> [Collected material]
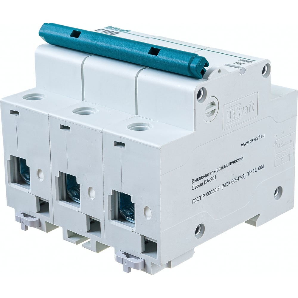 Автоматический выключатель (АВ) DEKraft ВА-201, 3 Р, тип C, 100 А, 10 кА 13009DEK
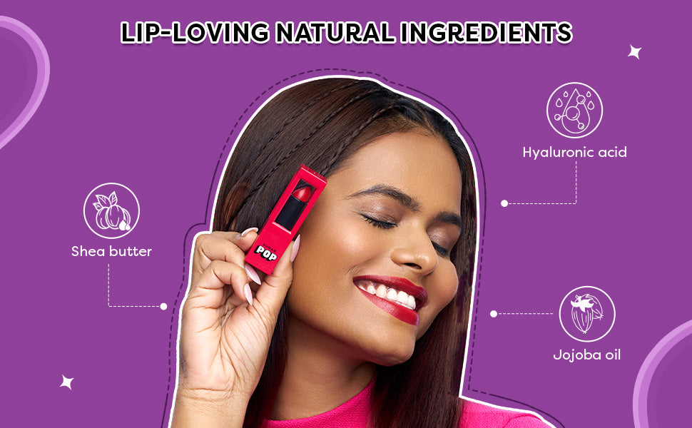 Swipe on the charm with this lipstick that's got your back when it comes to full coverage, long-lasting colour, and some drama! The super creamy, super dreamy and lightweight formula is loaded with shea butter, hyaluronic acid and jojoba oil, giving your lips the extra love they deserve. For taking your look from desk to dinner, this lippie in eye-catchy packaging is a must-have cause why settle for ordinary when you can be downright extraordinary?
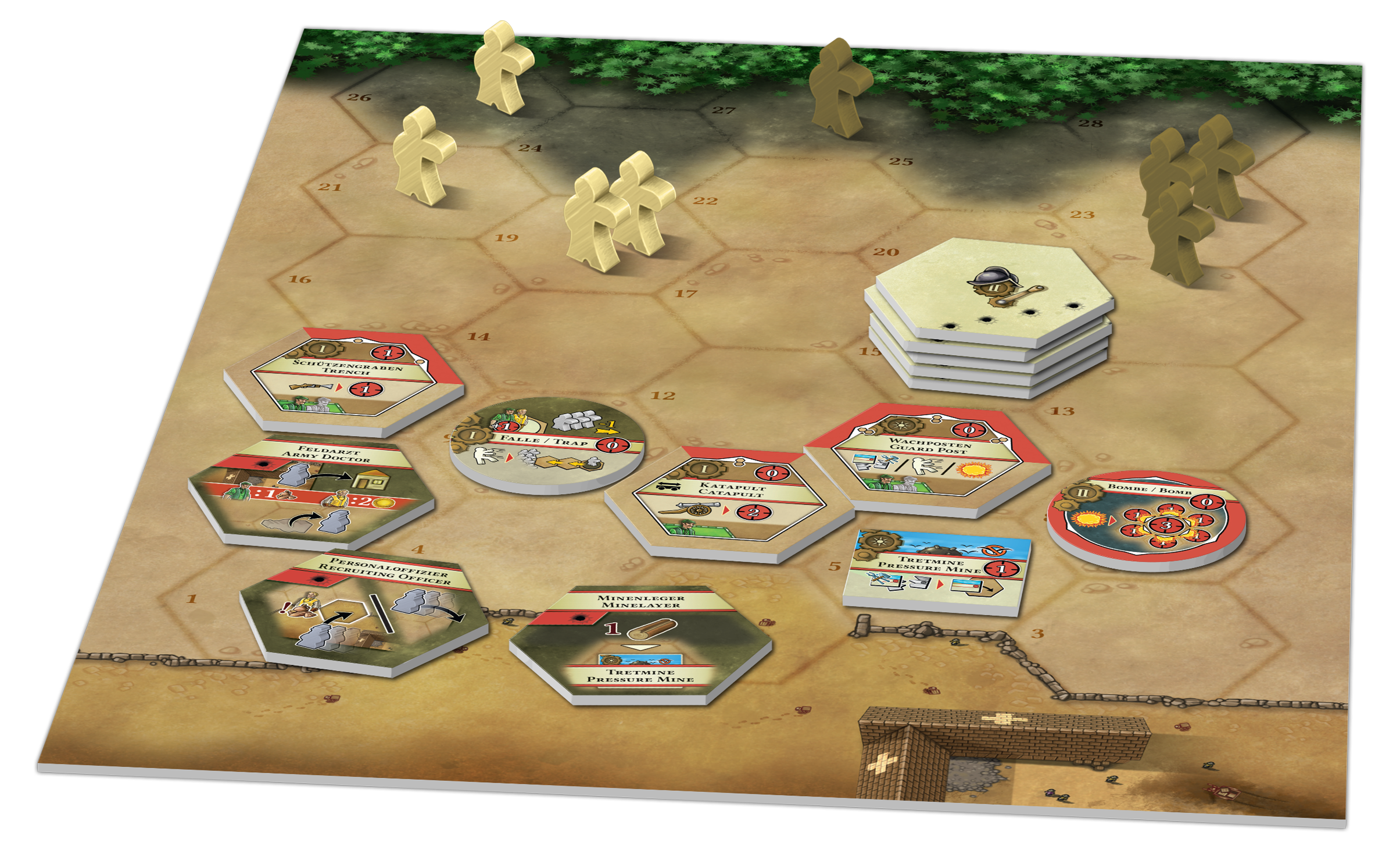 Neben eurer eigenen Kolonie und dem bereits bekannten Kernland erweitert Die Kolonisten - Ante Portas das Spielfeld um zwei weitere Gebiete: das Schlachtfeld und die Kommandozentrale. Während auf dem Schlachtfeld (wer hätte es gedacht) der eigentliche Kampf stattfindet, bildet die Kommandozentrale einen neuen Bereich, der wie das Kernland aus Hexfeldern aufgebaut ist. Ihr betretet dieses Gebiet auf die gewohnte Weise, indem ihr auf seinen Markt springt. Hier bieten sich euch die nötigen Aktionen um eure Schlachten zu gewinnen. Ihr könnt Strukturen errichten, Fallen, Minen und Bomben bauen, sowie eure Bauern und Bürger anheuern und zu Soldaten machen. Nach der Schlacht ist es hier außerdem möglich, eure Soldaten auch wieder zu heilen.

> [What to do] Return the listing above in full and without alteration, excluding its pictures.

> [Task solution]
 Автоматический выключатель (АВ) DEKraft ВА-201, 3 Р, тип C, 100 А, 10 кА 13009DEK
 Swipe on the charm with this lipstick that's got your back when it comes to full coverage, long-lasting colour, and some drama! The super creamy, super dreamy and lightweight formula is loaded with shea butter, hyaluronic acid and jojoba oil, giving your lips the extra love they deserve. For taking your look from desk to dinner, this lippie in eye-catchy packaging is a must-have cause why settle for ordinary when you can be downright extraordinary?
 Neben eurer eigenen Kolonie und dem bereits bekannten Kernland erweitert Die Kolonisten - Ante Portas das Spielfeld um zwei weitere Gebiete: das Schlachtfeld und die Kommandozentrale. Während auf dem Schlachtfeld (wer hätte es gedacht) der eigentliche Kampf stattfindet, bildet die Kommandozentrale einen neuen Bereich, der wie das Kernland aus Hexfeldern aufgebaut ist. Ihr betretet dieses Gebiet auf die gewohnte Weise, indem ihr auf seinen Markt springt. Hier bieten sich euch die nötigen Aktionen um eure Schlachten zu gewinnen. Ihr könnt Strukturen errichten, Fallen, Minen und Bomben bauen, sowie eure Bauern und Bürger anheuern und zu Soldaten machen. Nach der Schlacht ist es hier außerdem möglich, eure Soldaten auch wieder zu heilen.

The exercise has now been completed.